Militiamen, Iraqi forces clash; 60 killed across Iraq

August 29, 2006|Associated Press

DIWANIYAH, Iraq -- Shi'ite militiamen armed with rocket-propelled grenades and automatic assault rifles battled Iraqi forces for 12 hours yesterday, leaving at least 40 people dead, most soldiers.

The fighting in this southern city dominated a bloody day that saw at least 60 people killed across Iraq. About 20 died in attacks in Baghdad, including 16 in a suicide bombing that targeted the Interior Ministry complex.

The violence underlined the Shi'ite-led government's difficulties as it tries to rein in the violent sectarian forces of an anti-US cleric.

The US military announced that nine US soldiers were killed over the weekend in and around Baghdad, eight by roadside bombs and one by gunfire.

Dr. Mohammed Abdul-Muhsen of the city's general hospital said the 40 people killed in Diwaniyah included 25 Iraqi soldiers, 10 civilians, and five militiamen. He said the hospital treated 75 wounded.

Diwaniyah, 80 miles south of Baghdad, is a Shi'ite-dominated city where the influence of cleric Moqtada al-Sadr's Mahdi Army has been gradually increasing. The militia already runs a virtual parallel government in Sadr City, a slum in eastern Baghdad.

But the government of Prime Minister Nouri al-Maliki, a Shi'ite, has found it difficult to rein in Sadr, whose movement holds 30 of the 275 seats in parliament and five Cabinet posts. Sadr's backing also helped Maliki win the top job during painstaking negotiations within the Shi'ite alliance that led to the ouster of Prime Minister Ibrahim al-Jaafari.
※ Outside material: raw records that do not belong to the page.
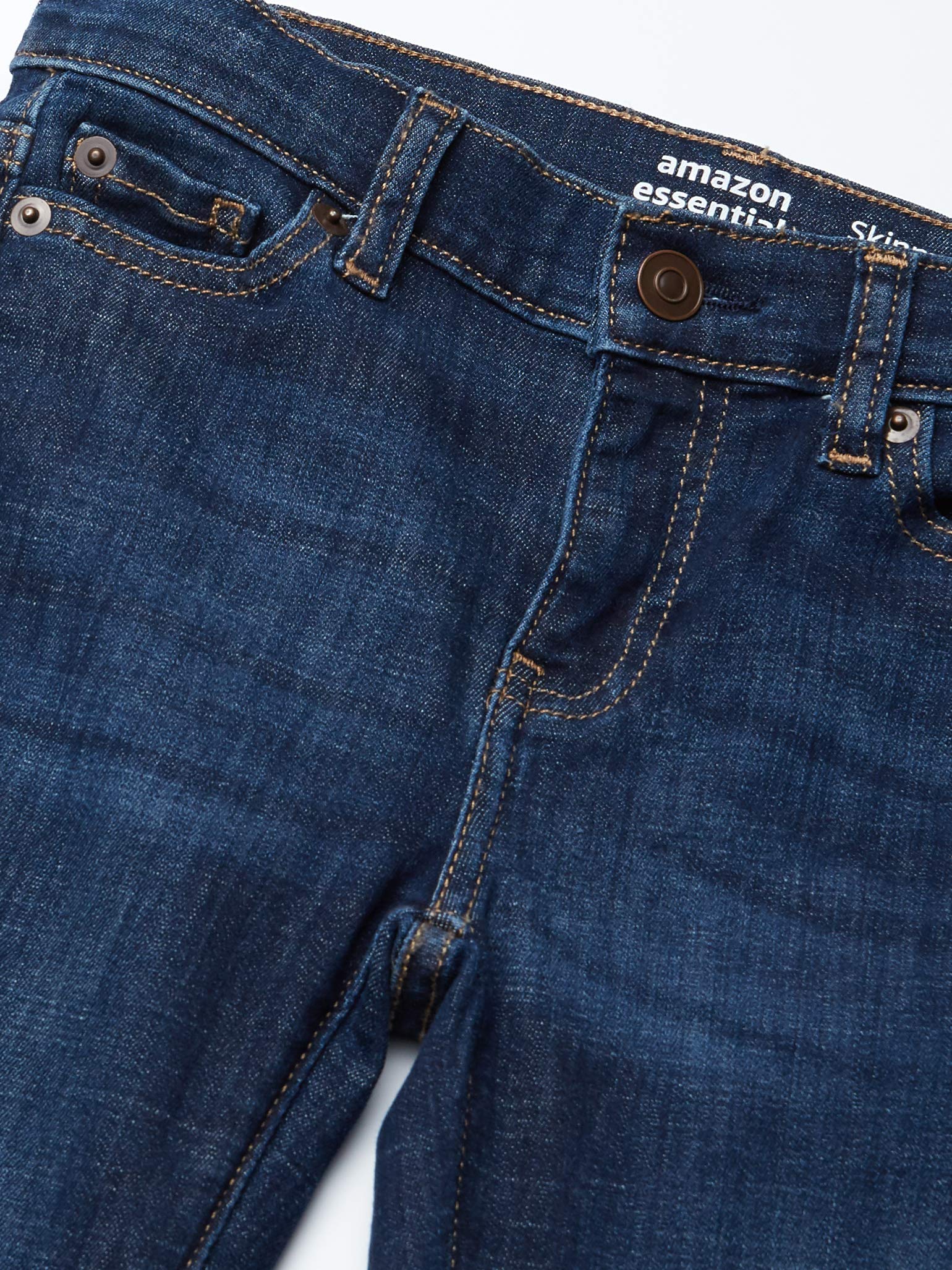 Description These skinny-fit jeans offer a snug fit through the hip, thigh, and leg, enhanced by our super stretch denim that maintains its shape throughout the day. These jeans are designed with a classic five-pocket style, making them a versatile staple in your child's wardrobe. With attention to detail, the jeans include a front zipper fly with a shank button closure and an internal adjustable waist for a customizable fit. Enjoy the practicality and fashionability of these skinny jeans so your little girl stands out with confidence. Crafted with a special inseam and leg opening, these jeans deliver both timeless style and modern comfort, making them an ideal choice. Embrace affordability without losing quality, thanks to Amazon Essentials' long-lasting, everyday clothing at its finest. Great for any occasion, these jeans will surely become her favorite go-to pair.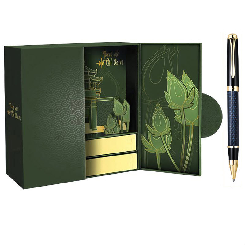 Hộp quà bút ký HCM026 được lấy cảm hứng từ tác phẩm văn học “Búp Sen Xanh”, biểu tượng cho sự thanh cao và kiên định. Hình ảnh búp sen trên hộp thể hiện sự thuần khiết, vươn lên từ bùn lầy để tỏa hương, giống như hành trình cuộc đời của Chủ tịch Hồ Chí Minh.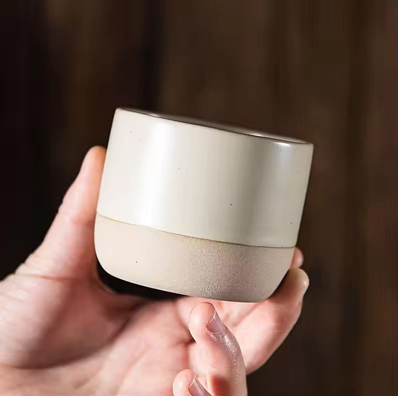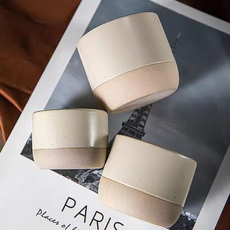 Tasses à café en céramique beige mat personnalisables avec logo, 90 ml, 150 ml, 220 ml, tasses à thé Kung Fu sans anse, tasses à expresso en argile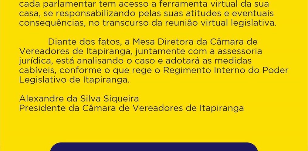 Em decorrência das imagens divulgadas nas redes sociais, afirmando que eu estaria ingerindo bebida alcoólica durante a sessão virtual realizada na noite desta segunda-feira, 15, venho a público esclarecer: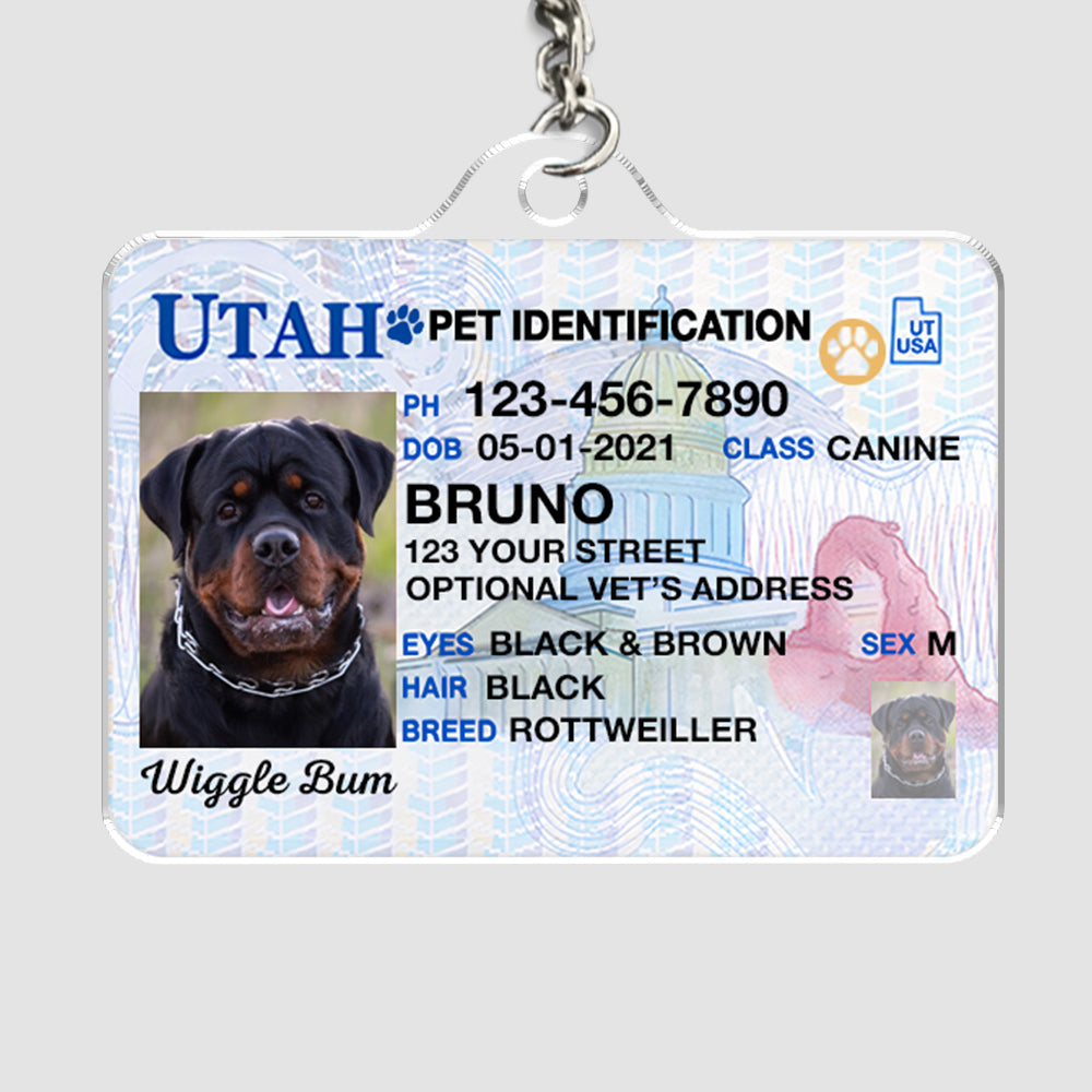 Custom Photo Pet ID Tags - Drivers License - Utah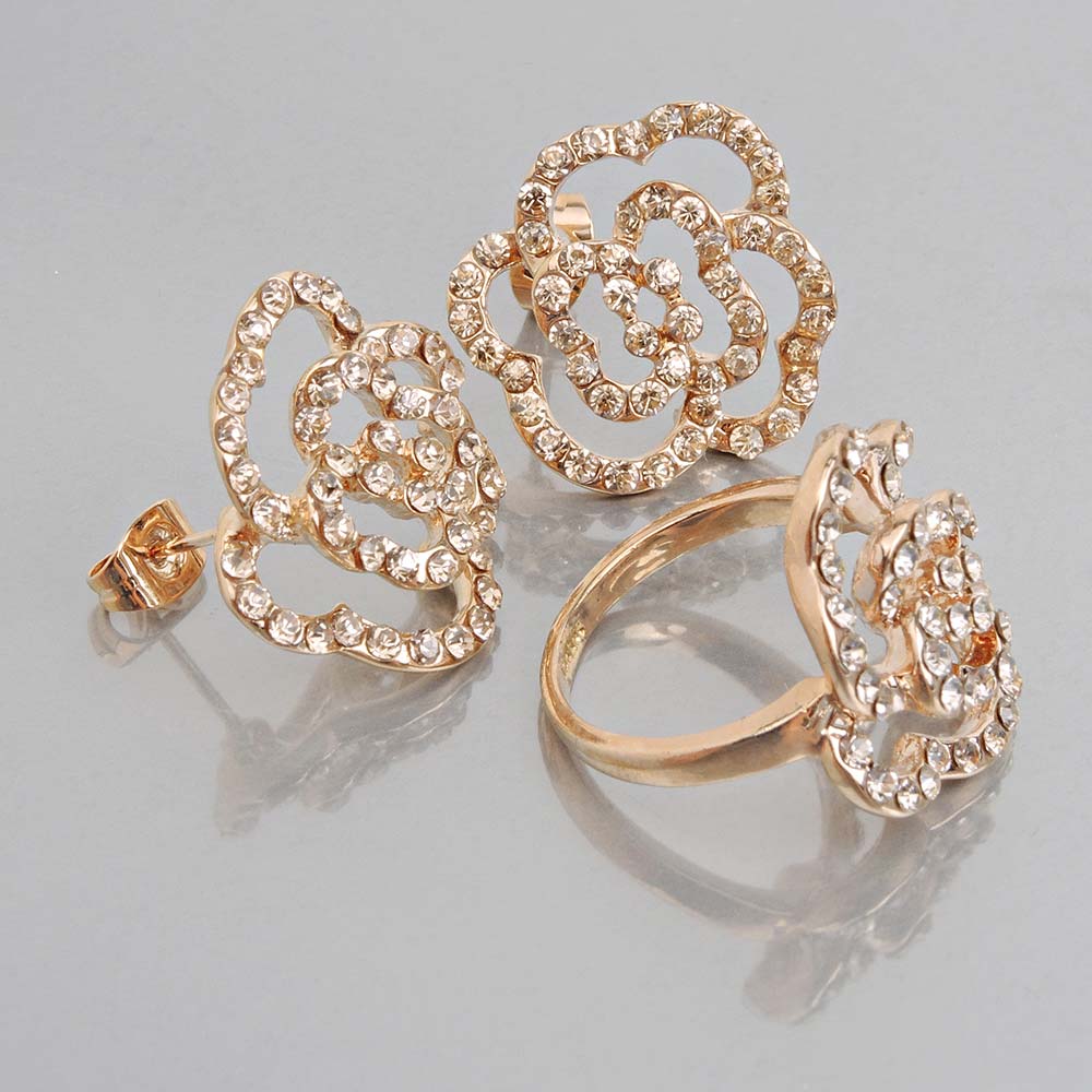 Кольцо/Серьги белое с золотым покрытием 18K 1 мкр со стразами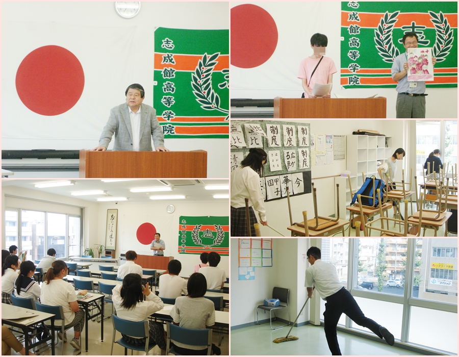 【平成28年9月5日(月) 始業式および掃除】 2016年9月5日 コメントはまだありません 夏休みが終わり、今日から学校が始まりました。 今日は台風の影響が心配されましたが、見事に快晴でした。 生徒たちはそれぞれに夏休みの思い出を引っさげて登校してくれました。 始業式では校長先生のお話の後に、生徒の一人からJRC(ジュニア赤十字)加盟についての 提案がありました。 彼の熱意がほかの生徒に伝わり、学校全体でJRCに加盟して活動に当たることが決まりました。 共有:TwitterFacebookいいね:いいね 読み込み中… タグ: 始業式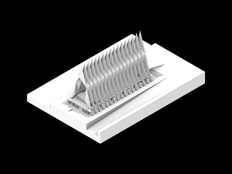 on which the organ stands. The USAF Cadet Chapel is a non-denominational building supposed to be used for any given purpose by every member of the corps of cadets in the Air Force. This precedent study presents a formal analysis of the structures that compose this building as well as the ideas that helped it come to life. It was constructed by utilizing a combination of Rhino and Photoshop.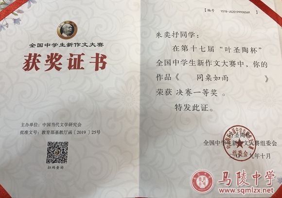 在第十七届“叶圣陶杯”全国中学生新作文大赛现场决赛中,我校高三(14)班朱奕抒同学获得全国一等奖,张梦雯老师荣获优秀指导教师一等奖,这也是近两我校在“叶圣陶杯”这项全国最高作文赛事中取得的最高奖项。颁奖典礼10月20日在泰州举行,朱奕抒同学及其指导老师张梦雯受组委会邀请,代表我校七位入围决赛的同学和六位指导老师参加了这次盛会。典礼上再传捷报:我校荣获优秀组织奖。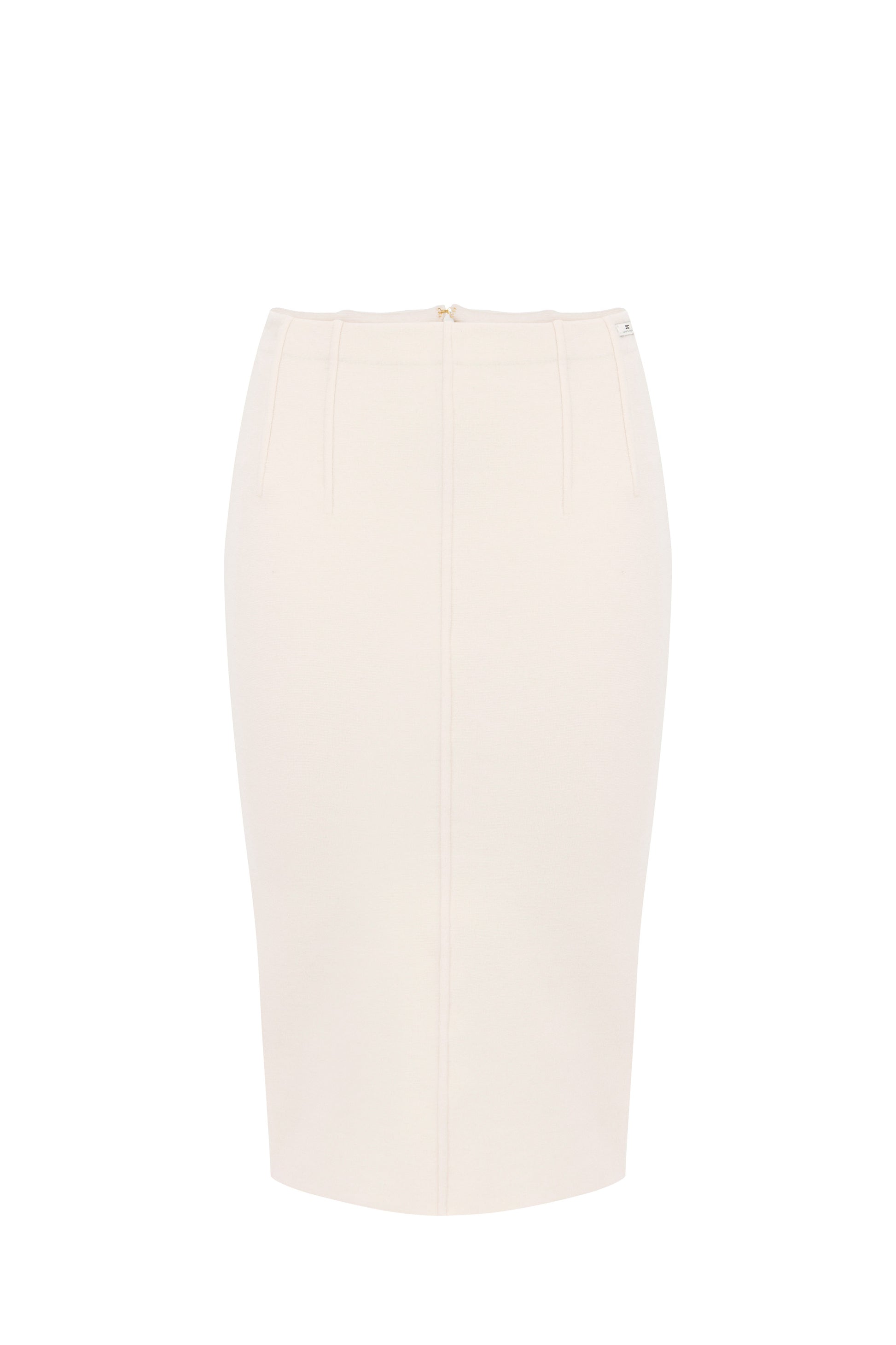 Slim fit knitted wool pencil skirt. With high waist, it is characterised by matching details that give definition, such as corsetry-inspired ribbing, darts and back slit with buttons covered in satin.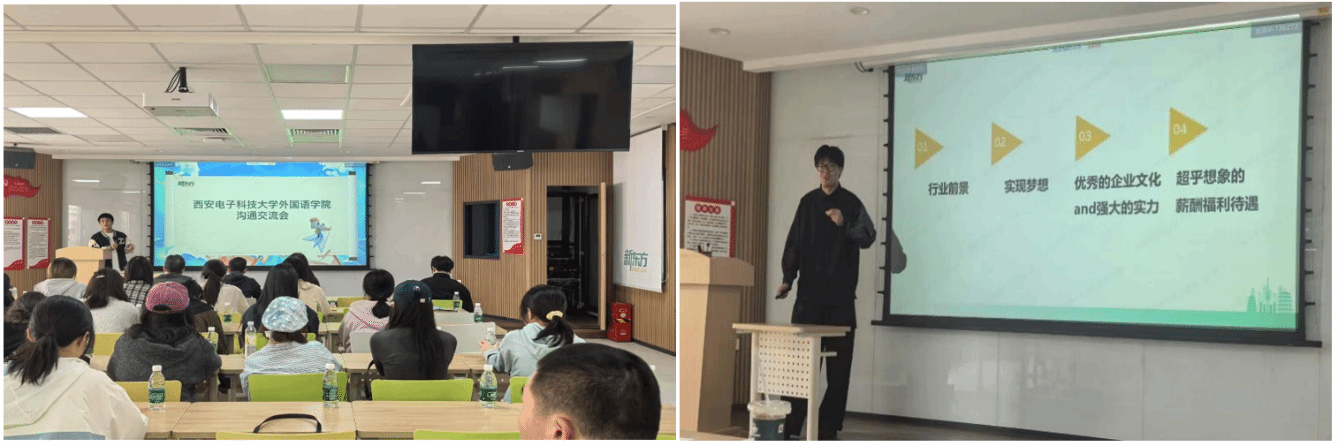 活动期间,新东方人力资源团队向师生们全面介绍了公司的发展历程、企业文化以及当下的人才招聘需求。新东方具有强大的应变能力,成功开辟 “东方甄选” 等新业务赛道,逐步发展成为集教育培训、产品研发、多元服务于一体的大型综合性教育科技集团,教育教学领域对英语专业学生有多元的人才需求。新东方积极求变的发展理念和雄厚的综合实力,得到了师生们的高度认可。
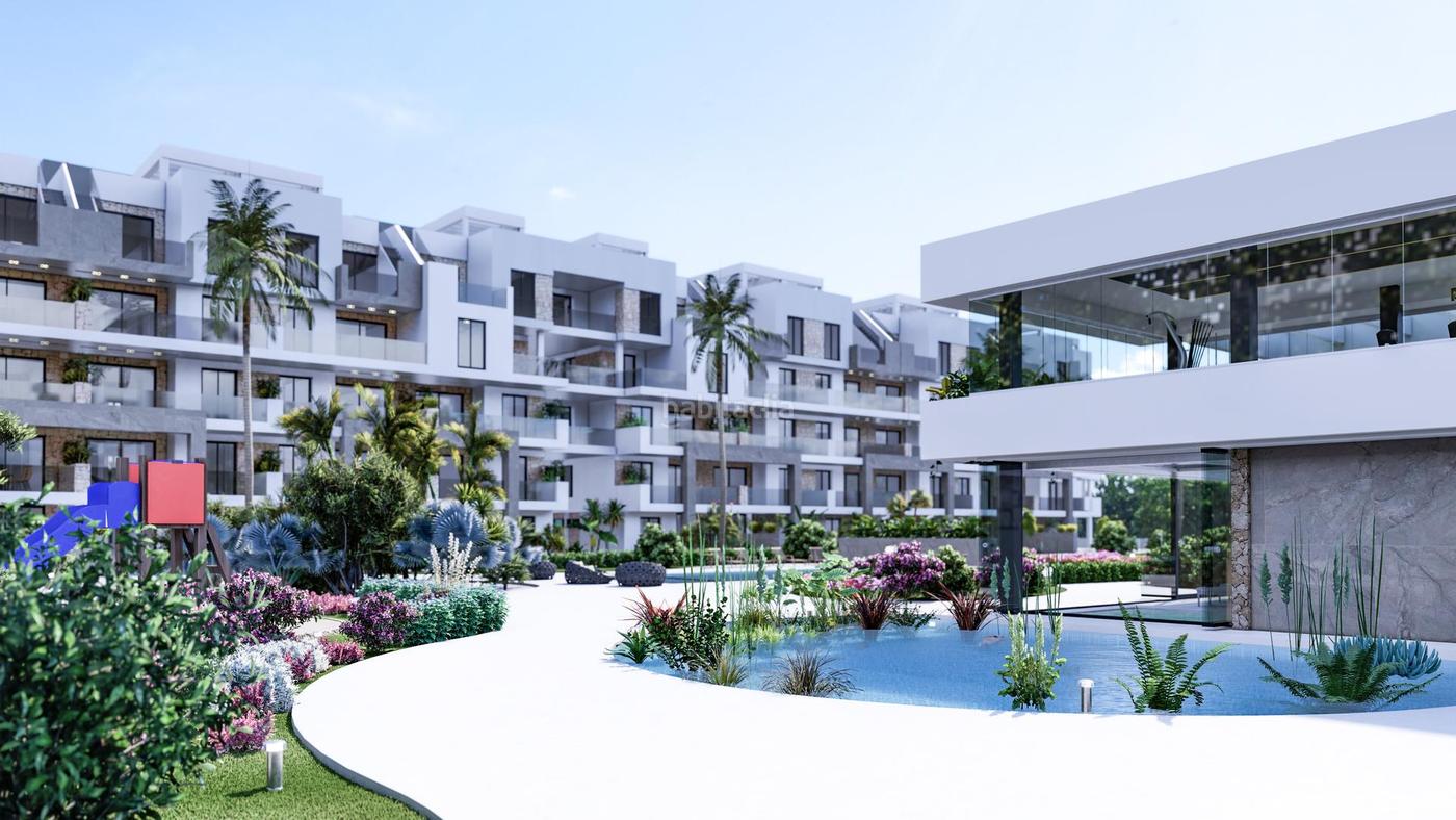 Ubicado en Alicante, en la encantadora zona de El Raso, se encuentra un desarrollo residencial que se distingue por su diseño minimalista y acabados de alta calidad. Este proyecto ofrece 135 propiedades, cada una con 2 dormitorios y superficies que varían entre 75 m² y 88 m². Su arquitectura moderna se caracteriza por espacios generosos, integración con el entorno natural, y unas impresionantes piscinas, creando un ambiente exclusivo y tranquilo.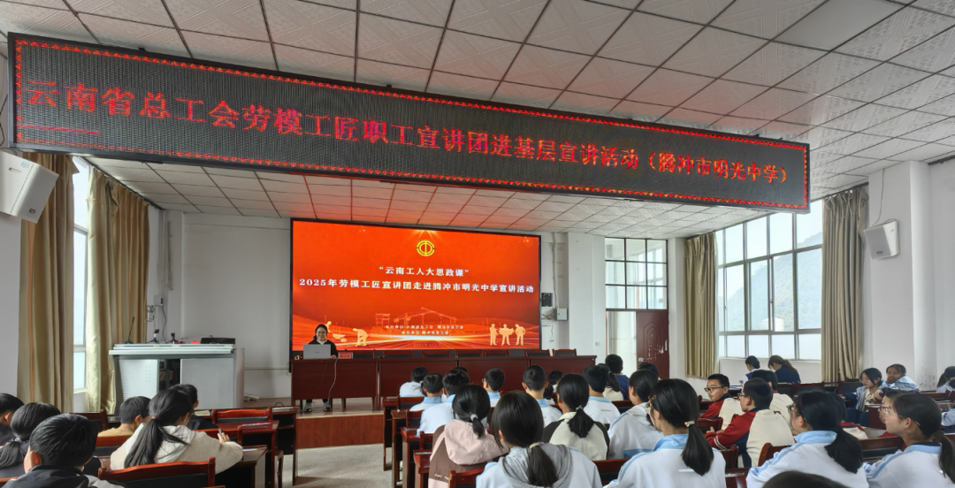 在明光中学,中共腾冲市委党校胡小松老师以《铸牢中华民族共同体意识》为专题,通过启发思维、理清思路、鼓舞干劲等宣讲方式,巧妙地将劳模精神与民族团结有机融合,通过例举“腾冲抗战史”“左孝臣戍边”等感人故事,鼓励同学们以劳模工匠为榜样,以民族团结为纽带,将“爱岗敬业、争创一流、艰苦奋斗、勇于创新”的精神融入学习生活,让劳模精神与民族团结之花在明光大地上越开越绚烂。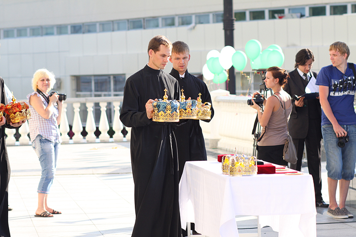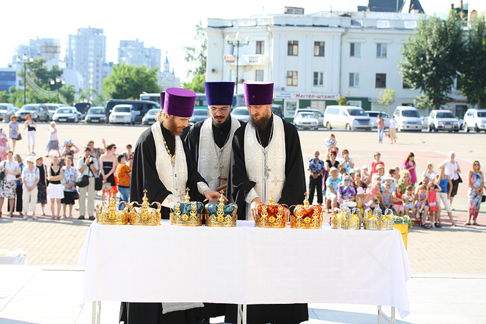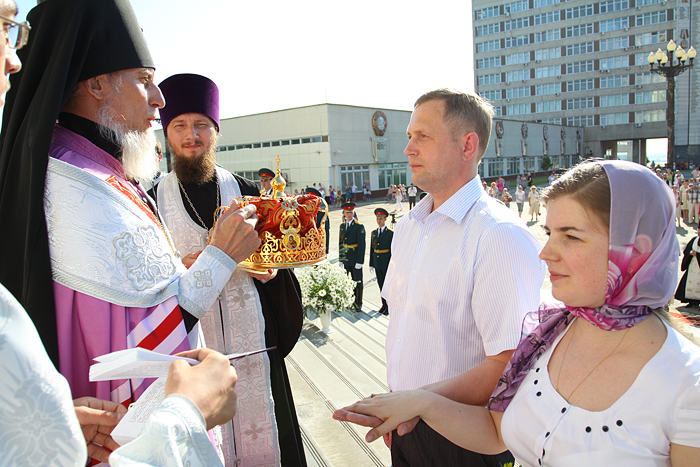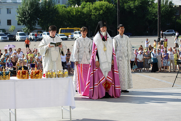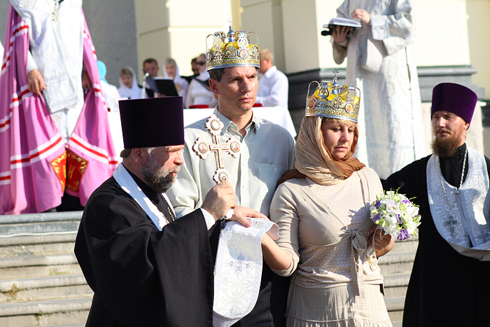 Праздник семьи, любви и верности в Хабаровске. Венчание супружеских пар архиепископом Хабаровским и Приамурским Игнатием. 17 июля 2011г.

Many Sunnis have expressed disappointment that Maliki's government has not moved to curb Shi'ite militias, especially the Mahdi Army. A prominent hard-line Iraqi Sunni cleric, Harith al-Dhari, said Friday he was willing to meet with top Shi'ite religious leaders, part of an initiative to curb sectarian violence -- but also to press Shi'ite leaders into a response.

American forces also have been wary of confronting the militia, because of Sadr's clout over the government and his large following among majority Shi'ites. Sadr mounted two major uprisings against the American-led coalition in 2004 when US authorities closed his newspaper and pushed an Iraqi judge into issuing an arrest warrant against him.

Sheikh Abdul-Razaq al-Nidawi, the manager of Sadr's office in Diwaniyah, said that trouble had been brewing since Saturday night when the Iraqi Army arrested a Sadr supporter from the Jumhouri neighborhood. On Sunday, the army raided the same place and ``a gunfight erupted between them and the Mahdi Army," Nidawi said.

Army Captain Fatik Aied said gunbattles broke out at about 11 p.m. Sunday south of Diwaniyah, when Iraqi soldiers conducted raids in three neighborhoods to flush out militiamen and seize weapons.